- [About this task]:
Your task is to write out every line of the data exactly. Drop the pictures.
(Data provided Opens)
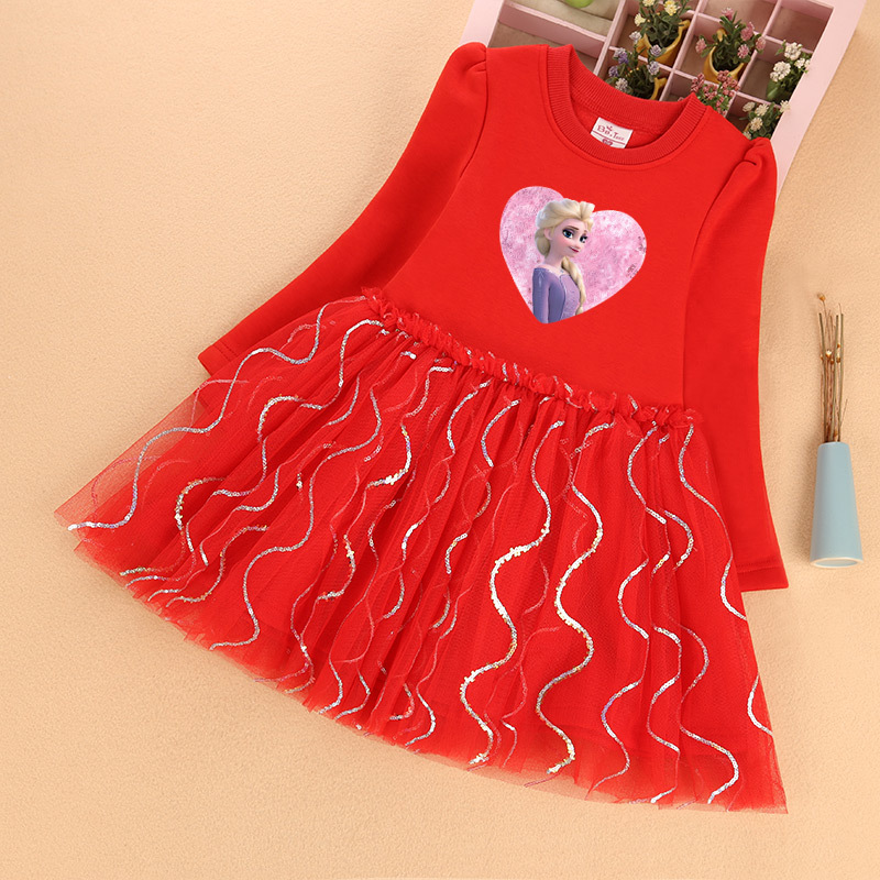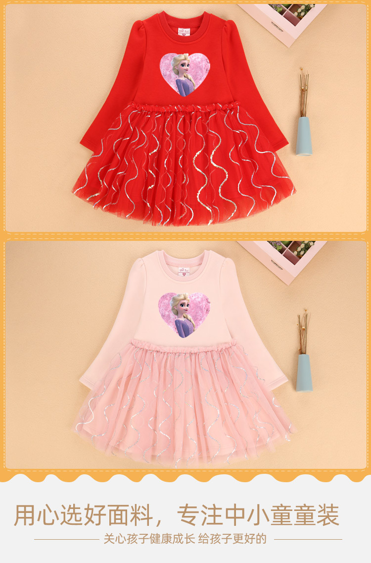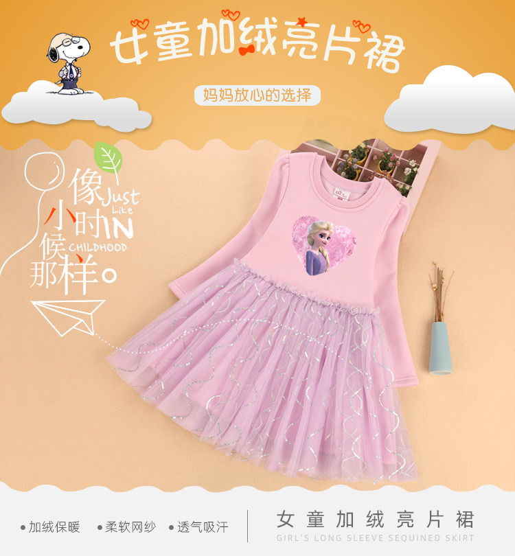 엘사 핑크 기모 스커트 소녀 겨울 2022 새로운 스타일 서양 스타일 공주 스커트 아기 소녀 긴 소매 스팽글 스커트스토어 가기
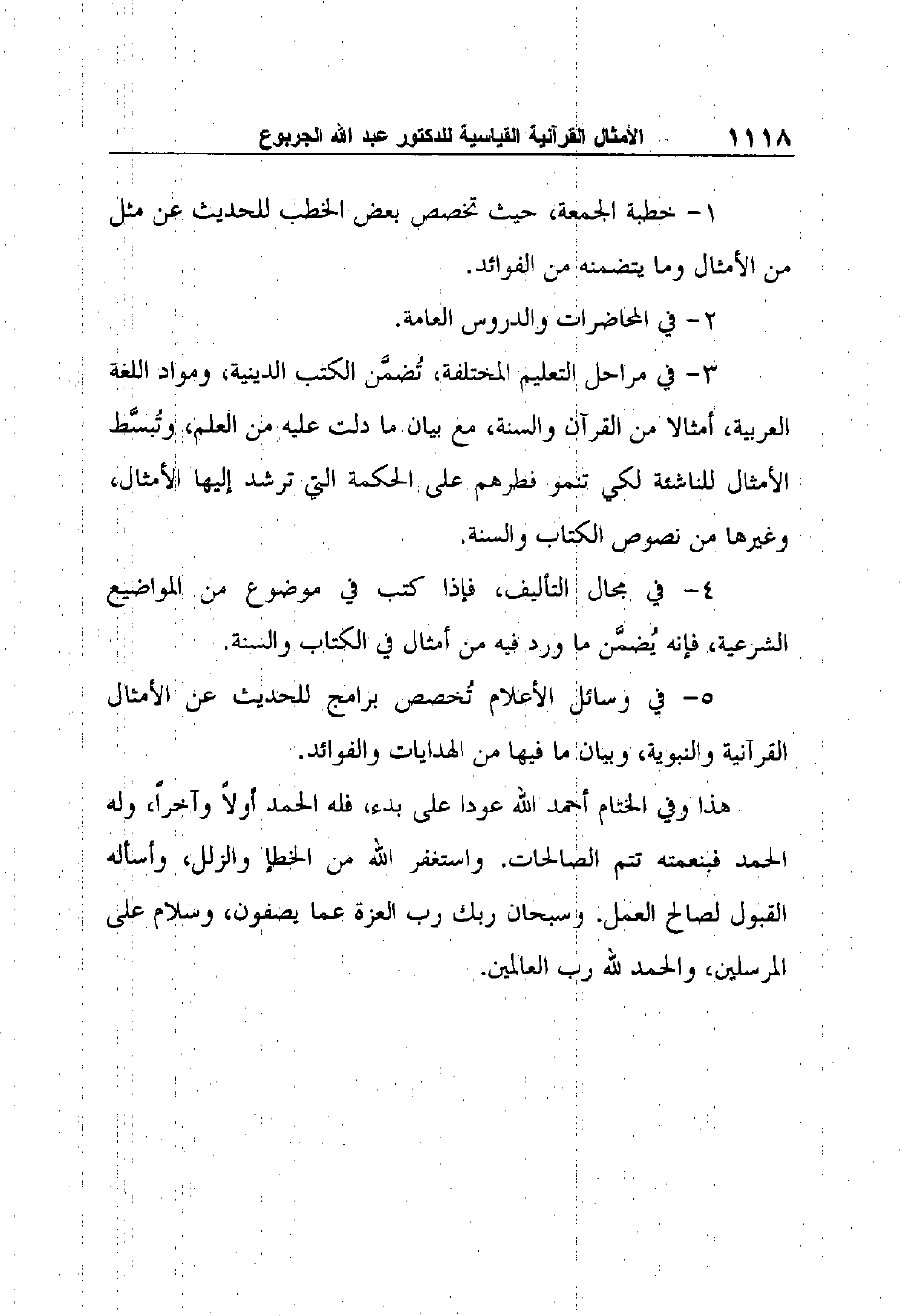 4- في مجال التأليف، فإذا كتب في موضوع من المواضيع الشرعية، فإنه يُضمَّن ما ورد فيه من أمثال في الكتاب والسنة.
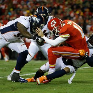 Alex Smith pasó para 153 yardas y dos touchdowns por los Jefes (7-5), el segundo de ellos a Jamaal Charles para colocar el marcador 26-16 a inicios del cuarto final. Pero el pase de Smith en el intento de conversión de dos puntos fue incompleto, y los Broncos agregaron otro gol de campo para poner el juego fuera de alcance.
(Data provided Closes)
- [Written solution]:
 엘사 핑크 기모 스커트 소녀 겨울 2022 새로운 스타일 서양 스타일 공주 스커트 아기 소녀 긴 소매 스팽글 스커트스토어 가기
 4- في مجال التأليف، فإذا كتب في موضوع من المواضيع الشرعية، فإنه يُضمَّن ما ورد فيه من أمثال في الكتاب والسنة.
 Alex Smith pasó para 153 yardas y dos touchdowns por los Jefes (7-5), el segundo de ellos a Jamaal Charles para colocar el marcador 26-16 a inicios del cuarto final. Pero el pase de Smith en el intento de conversión de dos puntos fue incompleto, y los Broncos agregaron otro gol de campo para poner el juego fuera de alcance.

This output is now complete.